Gram-positive pilins contain a signal peptide at the N-terminus approximately 30 residues long and a sorting signal at the C-terminus, similar to those observed for MSCRAMMs (microbial surface component recognizing adhesive matrix molecules)9 (for example, Fig. 1a and 1b represent the arrangement in GBS major and minor pilins), and these motifs are sufficient and essential for cell wall anchoring.10 The C-terminal sorting signal contains a LPXTG-like motif, followed by a hydrophobic domain and positively charged tail.10,11 In addition to the conserved C-terminal motifs, the major pilins of several Gram-positive pathogens also contain a hydrophobic (WxxxVxVYPK) pilin motif, and the Lys residue from this motif was shown to be essential for major pilin polymerization.1,12
Figure 1. Schematic representation of the modules in the Group B Streptococcus (GBS) pilins.

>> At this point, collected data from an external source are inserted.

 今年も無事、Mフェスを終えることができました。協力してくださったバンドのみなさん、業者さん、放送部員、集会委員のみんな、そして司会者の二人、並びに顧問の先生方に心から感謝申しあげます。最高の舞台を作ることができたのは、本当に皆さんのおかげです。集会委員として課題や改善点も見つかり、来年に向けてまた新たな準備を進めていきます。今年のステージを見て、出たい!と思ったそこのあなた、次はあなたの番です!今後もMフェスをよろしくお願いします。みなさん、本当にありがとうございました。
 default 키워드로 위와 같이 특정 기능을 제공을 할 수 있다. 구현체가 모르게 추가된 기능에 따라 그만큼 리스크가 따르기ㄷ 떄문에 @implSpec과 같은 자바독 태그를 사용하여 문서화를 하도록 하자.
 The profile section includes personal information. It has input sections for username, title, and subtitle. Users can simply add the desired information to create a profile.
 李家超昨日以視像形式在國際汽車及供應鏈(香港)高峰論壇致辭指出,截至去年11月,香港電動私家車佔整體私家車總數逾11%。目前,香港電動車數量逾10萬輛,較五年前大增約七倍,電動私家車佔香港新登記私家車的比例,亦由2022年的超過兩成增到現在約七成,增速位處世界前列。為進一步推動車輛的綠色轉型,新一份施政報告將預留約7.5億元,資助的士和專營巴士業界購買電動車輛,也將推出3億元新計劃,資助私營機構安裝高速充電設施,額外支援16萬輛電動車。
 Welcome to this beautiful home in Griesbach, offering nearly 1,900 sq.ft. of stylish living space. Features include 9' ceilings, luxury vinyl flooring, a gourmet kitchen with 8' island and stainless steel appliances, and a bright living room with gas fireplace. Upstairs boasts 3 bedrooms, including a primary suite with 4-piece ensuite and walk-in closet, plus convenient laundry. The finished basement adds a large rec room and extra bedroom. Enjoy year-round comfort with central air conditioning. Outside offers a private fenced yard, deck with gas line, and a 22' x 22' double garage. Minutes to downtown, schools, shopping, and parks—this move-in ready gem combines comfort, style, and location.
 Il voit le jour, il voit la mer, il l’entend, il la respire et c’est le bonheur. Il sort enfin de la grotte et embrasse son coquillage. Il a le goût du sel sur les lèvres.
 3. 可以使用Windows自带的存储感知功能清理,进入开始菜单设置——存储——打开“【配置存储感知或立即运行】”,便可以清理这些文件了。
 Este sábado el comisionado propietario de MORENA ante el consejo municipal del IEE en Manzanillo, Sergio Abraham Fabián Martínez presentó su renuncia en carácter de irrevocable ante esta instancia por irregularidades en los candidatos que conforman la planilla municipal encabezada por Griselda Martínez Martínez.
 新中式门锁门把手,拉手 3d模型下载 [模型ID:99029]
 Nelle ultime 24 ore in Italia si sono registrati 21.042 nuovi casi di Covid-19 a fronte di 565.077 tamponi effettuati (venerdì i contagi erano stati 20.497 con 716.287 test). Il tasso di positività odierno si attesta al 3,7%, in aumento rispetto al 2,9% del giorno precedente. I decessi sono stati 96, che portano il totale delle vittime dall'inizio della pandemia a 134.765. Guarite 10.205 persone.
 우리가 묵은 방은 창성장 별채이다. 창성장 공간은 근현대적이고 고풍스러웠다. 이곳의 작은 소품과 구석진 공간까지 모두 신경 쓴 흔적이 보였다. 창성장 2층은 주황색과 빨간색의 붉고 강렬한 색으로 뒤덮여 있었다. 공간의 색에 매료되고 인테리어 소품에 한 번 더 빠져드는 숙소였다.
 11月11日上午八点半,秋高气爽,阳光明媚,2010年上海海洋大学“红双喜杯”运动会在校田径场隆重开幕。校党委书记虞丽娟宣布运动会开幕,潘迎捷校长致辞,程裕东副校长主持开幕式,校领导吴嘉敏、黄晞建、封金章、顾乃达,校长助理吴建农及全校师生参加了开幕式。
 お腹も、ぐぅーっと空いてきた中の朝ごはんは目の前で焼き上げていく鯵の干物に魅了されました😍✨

(a) Schematic diagram of the backbone pilin GBS80. It contains a signal peptide (S) at the N-terminus and a C-terminal cell wall sorting signal, consisting of a LPXTG motif (W, shown in red), membrane-spanning hydrophobic domain (M, magenta) and cytoplasmic positively charged tail (C, blue), as observed in MSCRAMMs and other Gram-positive pilins. The central portion contains three IgG-like domains referred to as N1, N2 and N3. The Pilin motif (YPKN) is present near the N1-N2 domain linker. The N3 domain contains an E-box (LKET).
(b) Minor pilin GBS52, having two domains and a pilin-like motif that we identified in the C-terminal end of the N1 domain. The solid lines at the bottom indicate the intra-molecular isopeptide bonds.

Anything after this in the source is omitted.